> _WHAT YOU WILL DO_
When you reproduce the entries below, keep each one exact and drop any pictures.

Stored entries
*** Begin section ***
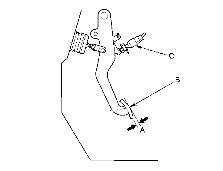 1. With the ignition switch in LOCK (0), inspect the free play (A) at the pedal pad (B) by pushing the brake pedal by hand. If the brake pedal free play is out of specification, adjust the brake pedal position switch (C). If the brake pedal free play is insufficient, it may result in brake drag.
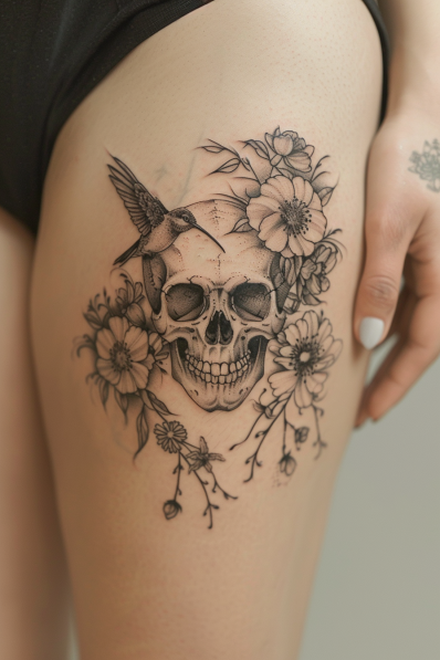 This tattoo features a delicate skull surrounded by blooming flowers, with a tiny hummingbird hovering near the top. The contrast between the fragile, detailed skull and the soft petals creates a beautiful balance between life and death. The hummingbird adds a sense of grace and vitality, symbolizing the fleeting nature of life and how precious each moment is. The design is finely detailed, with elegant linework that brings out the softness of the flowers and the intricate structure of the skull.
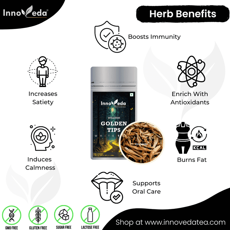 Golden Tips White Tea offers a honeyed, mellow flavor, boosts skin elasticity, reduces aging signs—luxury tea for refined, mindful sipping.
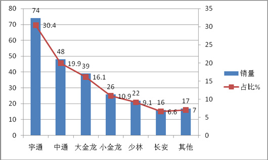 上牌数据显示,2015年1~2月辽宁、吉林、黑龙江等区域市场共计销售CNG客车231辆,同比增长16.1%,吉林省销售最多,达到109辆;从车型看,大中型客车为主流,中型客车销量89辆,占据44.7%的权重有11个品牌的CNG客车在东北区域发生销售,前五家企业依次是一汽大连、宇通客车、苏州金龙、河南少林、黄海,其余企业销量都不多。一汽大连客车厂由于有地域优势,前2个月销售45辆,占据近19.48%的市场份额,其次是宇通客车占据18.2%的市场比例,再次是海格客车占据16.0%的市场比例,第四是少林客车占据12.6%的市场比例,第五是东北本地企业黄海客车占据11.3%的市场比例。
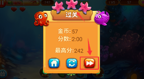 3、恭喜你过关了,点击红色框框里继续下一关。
*** End section ***
> _PROBLEM SOLUTION_
 1. With the ignition switch in LOCK (0), inspect the free play (A) at the pedal pad (B) by pushing the brake pedal by hand. If the brake pedal free play is out of specification, adjust the brake pedal position switch (C). If the brake pedal free play is insufficient, it may result in brake drag.
 This tattoo features a delicate skull surrounded by blooming flowers, with a tiny hummingbird hovering near the top. The contrast between the fragile, detailed skull and the soft petals creates a beautiful balance between life and death. The hummingbird adds a sense of grace and vitality, symbolizing the fleeting nature of life and how precious each moment is. The design is finely detailed, with elegant linework that brings out the softness of the flowers and the intricate structure of the skull.
 Golden Tips White Tea offers a honeyed, mellow flavor, boosts skin elasticity, reduces aging signs—luxury tea for refined, mindful sipping.
 上牌数据显示,2015年1~2月辽宁、吉林、黑龙江等区域市场共计销售CNG客车231辆,同比增长16.1%,吉林省销售最多,达到109辆;从车型看,大中型客车为主流,中型客车销量89辆,占据44.7%的权重有11个品牌的CNG客车在东北区域发生销售,前五家企业依次是一汽大连、宇通客车、苏州金龙、河南少林、黄海,其余企业销量都不多。一汽大连客车厂由于有地域优势,前2个月销售45辆,占据近19.48%的市场份额,其次是宇通客车占据18.2%的市场比例,再次是海格客车占据16.0%的市场比例,第四是少林客车占据12.6%的市场比例,第五是东北本地企业黄海客车占据11.3%的市场比例。
 3、恭喜你过关了,点击红色框框里继续下一关。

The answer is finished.